Despite the Iran war breaking out at the end of February, March saw non-oil domestic exports (NODX) growing for a seventh consecutive month, according to figures released by Enterprise Singapore on April 17.

NODX rose 15.3 per cent in March year on year, higher than the 4 per cent growth in February. It also topped an 8.1 per cent increase forecast by analysts in a Bloomberg poll.

UOB associate economist Jester Koh said: “There are limited signs of impact from the Middle East conflict so far, as developments since Feb 28 have yet to show up in March trade data.”

He said that petrochemical exports fell, but by a narrower margin compared with in the months before, and that oil import volumes only slightly declined month on month.

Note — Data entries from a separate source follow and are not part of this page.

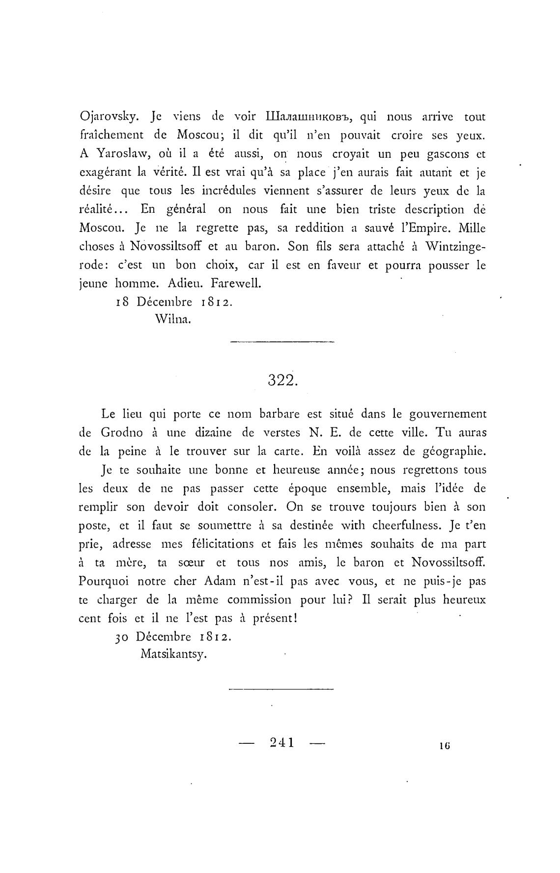 ta тёте, ta et tous nos amis, le baron et Novossiltsof.
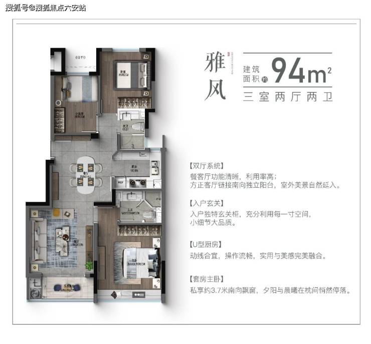 三室全明设计:U型厨房操作流线高效,干湿分离卫浴空间。
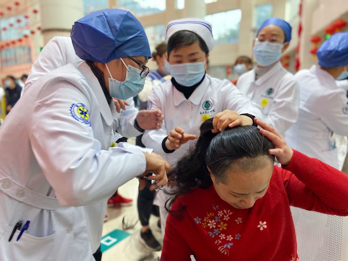 在西南医科大学附属医院门诊大厅,医护人员当起了Tony老师,为即将出征的队员理发。郭慧琳摄
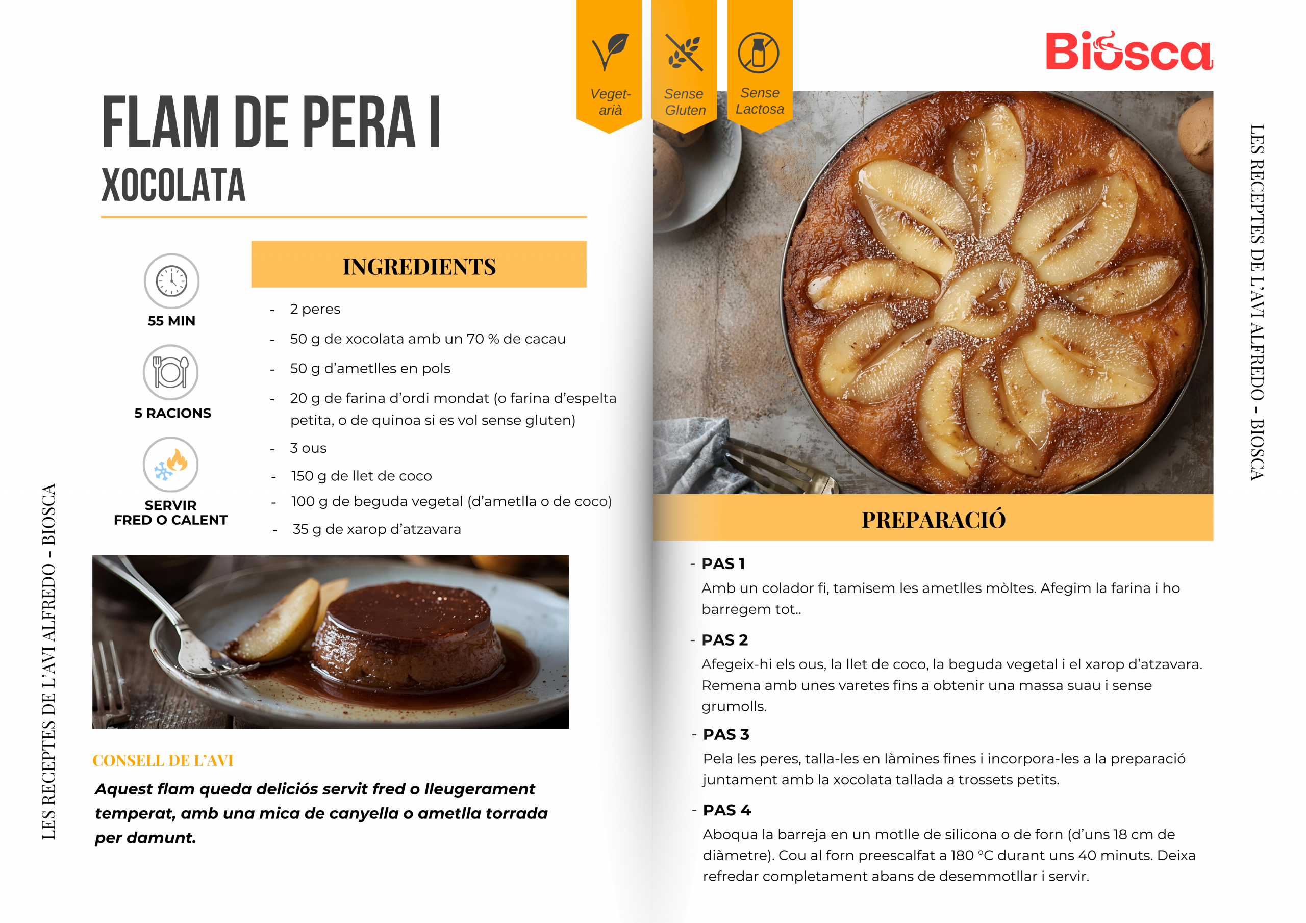 Aquest flam queda deliciós servit fred o lleugerament temperat, amb una mica de canyella o ametlla torrada per damunt.
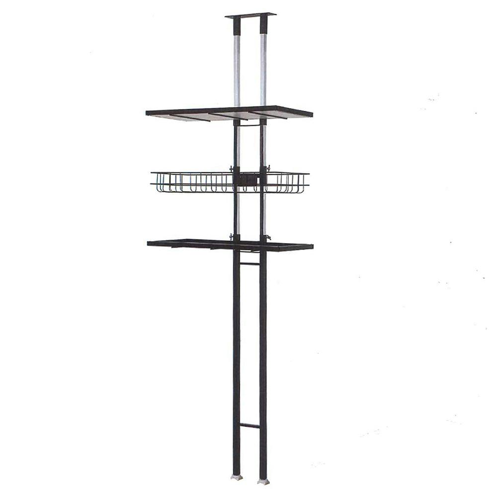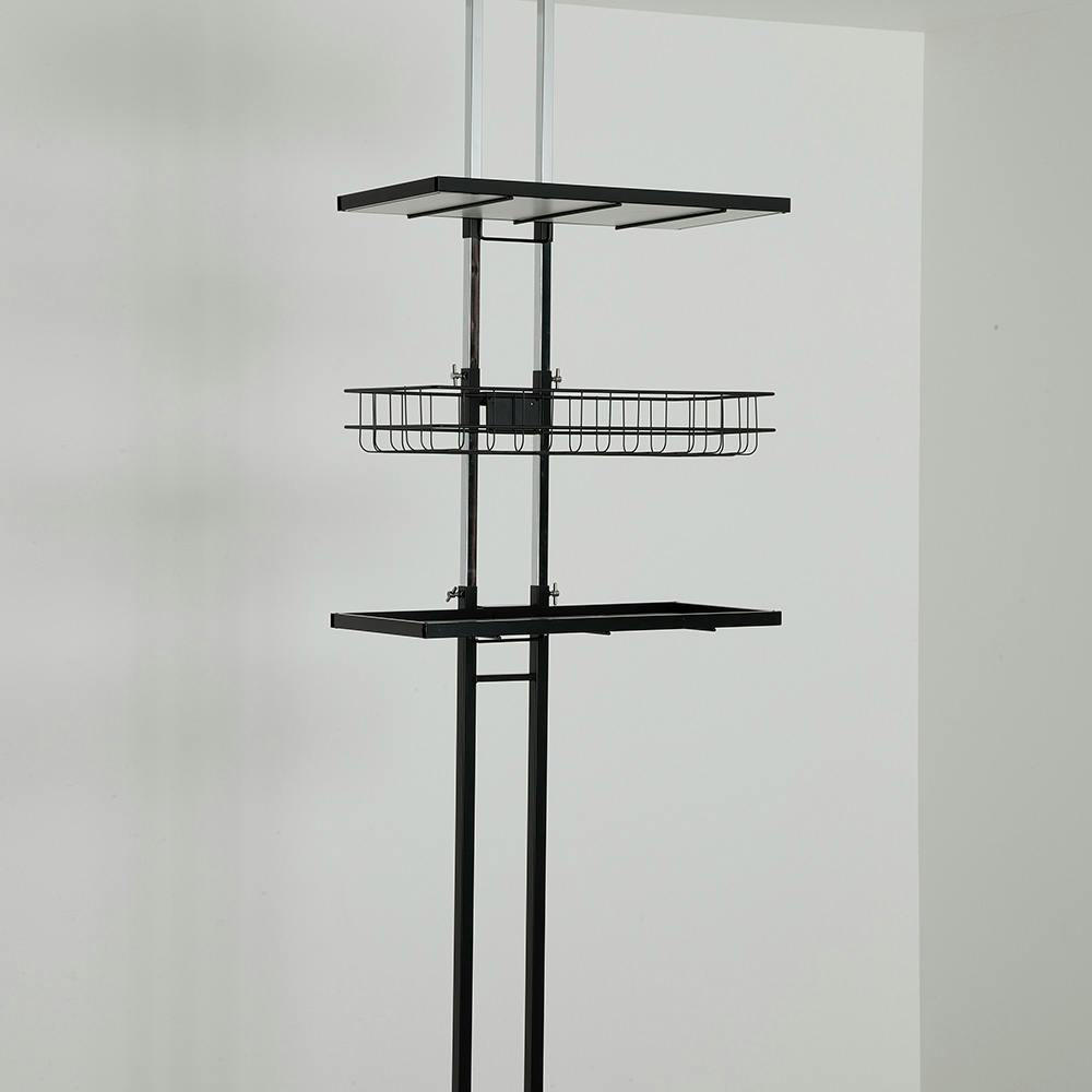 OVITAS 突っ張りロータイプラック棚2段+バスケット1杯 58×32×145.0~208.0cm ブラック 収納 ランドリーラック オープンラック 2750043【別送品】
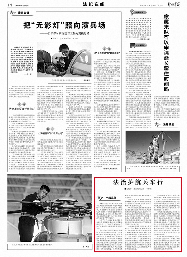 “法规要求检查发动机、制动器、全车燃油等5项内容,1项都不能少!”长途运输中,驾驶员小王想简化车辆行驶途中的检查流程,刚简单绕车一圈,就被法治监督员提醒。前期,该旅成立了由旅党委牵头的安全行车督查组,进行途中抽查、监控回放、轨迹复盘等,严查违规操作,还同步建立驾驶员法治档案,考试成绩、执行任务情况、违规记录直接与评先评优等挂钩。各运输车队设立法治监督员,由党员骨干担任,全程跟进运输任务。
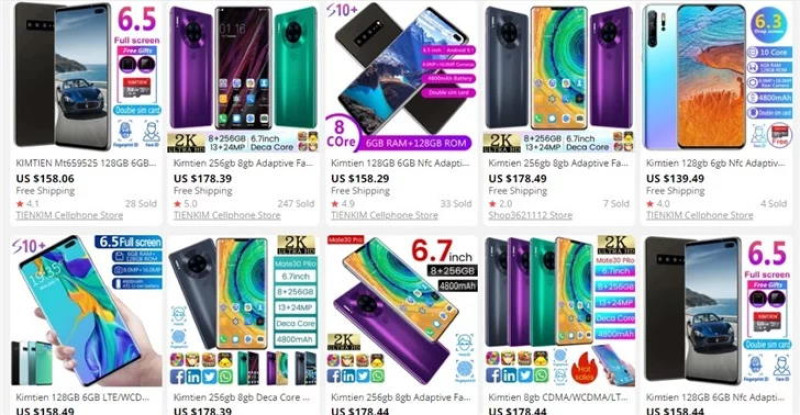 Сайт ITHome обнаружил на AliExpress магазин Kimtien, который раньше торговал поддельными смартфонами на собственном сайте, а теперь решил расширить аудиторию. В его ассортименте можно найти поддельные копии смартфонов Samsung и Huawei, правда, везде в качестве производителя указана фирма Kimtien.

“We think April, and more likely May, data will provide a more accurate assessment of the extent of the impact from the Middle East conflict,” he said.

But electronics demand should remain a bright spot for the first half of 2026, analysts said.

Electronics NODX in March surged 74 per cent year on year due to AI-related demand and a low base a year ago.

Integrated circuits – or semiconductors – were the star performer, with shipments soaring 113.8 per cent. Chips accounted for $1.7 billion of the $3.1 billion in electronics exports in March. Exports of personal computers rose by 57.3 per cent, and disk media products by 78.3 per cent.

However, non-electronics NODX fell 0.6 per cent, though this was a smaller decline than the 6.9 per cent drop in February.

The spending boom on AI appears unscathed from the Gulf war disruptions, Maybank analysts Chua Hak Bin and Brian Lee said.

“Outperformance in electronics exports will help to offset the Gulf war drag on non-electronic segments, as producers are hit by higher energy prices and raw material disruptions,” they added.

OCBC chief economist Selena Ling observed that Taiwan chip giant TSMC had raised its revenue outlook for 2026, citing strong demand for AI chips. This suggests that the industry outlook remains bullish despite concerns about the economic fallout from the Iran war, she said.

DBS senior economist Chua Han Teng said: “Electronics exports momentum will continue to benefit from sustained global AI-related tailwinds and strong demand for Singapore’s memory chips and server products.”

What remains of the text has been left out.